Task item:
Where the line with "Эксклюзивные детали: массивные" appears below, start writing out lines exactly, and finish with the line with "Rochie maxi vintage", which is included; write out nothing else.

Records for this exercise:
------------------------------------------------------------

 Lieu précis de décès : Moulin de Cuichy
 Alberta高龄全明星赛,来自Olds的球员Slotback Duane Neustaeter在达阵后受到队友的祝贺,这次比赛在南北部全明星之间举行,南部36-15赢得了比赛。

------------------------------------------------------------

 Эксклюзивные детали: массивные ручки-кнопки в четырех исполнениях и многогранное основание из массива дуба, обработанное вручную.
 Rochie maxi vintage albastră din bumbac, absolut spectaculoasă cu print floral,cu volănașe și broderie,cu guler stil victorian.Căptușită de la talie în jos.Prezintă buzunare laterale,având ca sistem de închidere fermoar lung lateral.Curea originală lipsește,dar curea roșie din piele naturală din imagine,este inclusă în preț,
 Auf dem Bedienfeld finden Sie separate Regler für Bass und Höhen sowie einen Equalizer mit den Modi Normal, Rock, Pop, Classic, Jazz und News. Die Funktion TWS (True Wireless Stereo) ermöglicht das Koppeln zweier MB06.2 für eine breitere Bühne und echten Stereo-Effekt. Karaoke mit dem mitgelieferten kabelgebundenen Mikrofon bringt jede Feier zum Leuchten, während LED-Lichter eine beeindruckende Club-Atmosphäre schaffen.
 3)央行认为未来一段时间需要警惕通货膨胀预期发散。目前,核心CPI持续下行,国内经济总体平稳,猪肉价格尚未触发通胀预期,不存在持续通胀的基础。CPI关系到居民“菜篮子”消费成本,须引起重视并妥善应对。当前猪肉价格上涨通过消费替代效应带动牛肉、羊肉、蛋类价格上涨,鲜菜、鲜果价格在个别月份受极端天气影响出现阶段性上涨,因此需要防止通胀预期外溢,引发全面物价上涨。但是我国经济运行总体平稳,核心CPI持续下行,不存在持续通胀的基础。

------------------------------------------------------------

Problem solution:
 Эксклюзивные детали: массивные ручки-кнопки в четырех исполнениях и многогранное основание из массива дуба, обработанное вручную.
 Rochie maxi vintage albastră din bumbac, absolut spectaculoasă cu print floral,cu volănașe și broderie,cu guler stil victorian.Căptușită de la talie în jos.Prezintă buzunare laterale,având ca sistem de închidere fermoar lung lateral.Curea originală lipsește,dar curea roșie din piele naturală din imagine,este inclusă în preț,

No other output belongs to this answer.